Emmanuel Macron and the French state have been seeking for several years to regularize technology companies with regard to the payment of their taxes. This time, the French President may have succeeded, because he managed to get more than 70 bosses of technology companies to sign a manifesto of which tax fairness is an important point. The manifesto, unveiled by l’lyse on Monday, includes 8 commitments in total and is part of the “Tech for Good” initiative.”Tech for Good” is an initiative launched by the French government in 2018. Through the “Tech for Good”, the state aims to put technology at the service of the common goods to more easily achieve the sustainable development objectives defined by the Organization of United Nations. Thus, Tech for Good is a summit that has been held every year since 2018 and brings together dozens of Tech bosses, who make various commitments to the state and to the French community. The summit did not take place this year due to the coronavirus crisis.
However, the President of the Republic, Emmanuel Macron, organized an “intermediate summit” in preparation for the third Tech for Good report summit for June 2021. For the occasion, more than 70 CEOs heeded the President’s call and signed a manifesto comprising 8 commitments to the State and the French. The CEOs, for example, promised Emmanuel Macron to do more to fight against hate content on the Internet, pay their taxes in France and make their services interoperable, and many other things.

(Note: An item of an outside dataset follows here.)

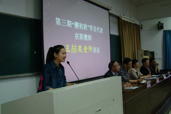 此后,“溯初班”第三期优秀毕业生,现任职于海宁一中的王喆奕学姐就“溯初班”的学习经验结合新老师的一些感悟对新学员提出了几点宝贵的建议。她指出,在校期间我们要疯狂阅读,时时积累;在职期间我们要理解教材,坚持理想。我们要用理性的分析去选择自己的未来,并用热切的期盼去相信自己所选择的未来,永不言弃。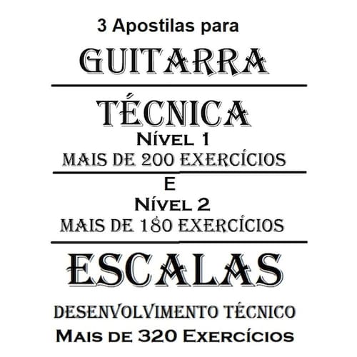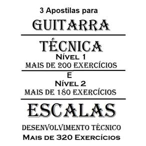 Apostila Estudos em Escalas para Violão e Guitarra - 100 páginas de muito conteúdo - Indicado para todos os níveis - Mais de 320 exercícios Apostila Guitarra Técnica Nível 1 - Estudos para o desenvolvimento - A Apostila contém mais de 200 exercícios sendo os temas distribuídos em 50 páginas Apostila para Guitarra - Estudos de técnica nível 2 - Impressa e encadernada com 54 páginas - Mais de 180 exercícios de vários temas

Among the 73 signatories of this text, we distinguish the bosses of Google, Facebook, Booking, Twitter, Snapchat, Uber, IBM, Ericsson, or even Oracle. For its part, France is represented by Stphane Richard (CEO of Orange), Xavier Niel (Iliad), Gilles Plisson (TF1), Jean-Laurent Bonnaf (BNP Paribas) and Jean-Paul Agon (L’Oral). In addition, French unicorns, such as BlaBlaCar and Doctolib, as well as two Asian gloves, the Chinese Huawei and the Indian Bharti, are also signatories of the manifesto unveiled on November 30.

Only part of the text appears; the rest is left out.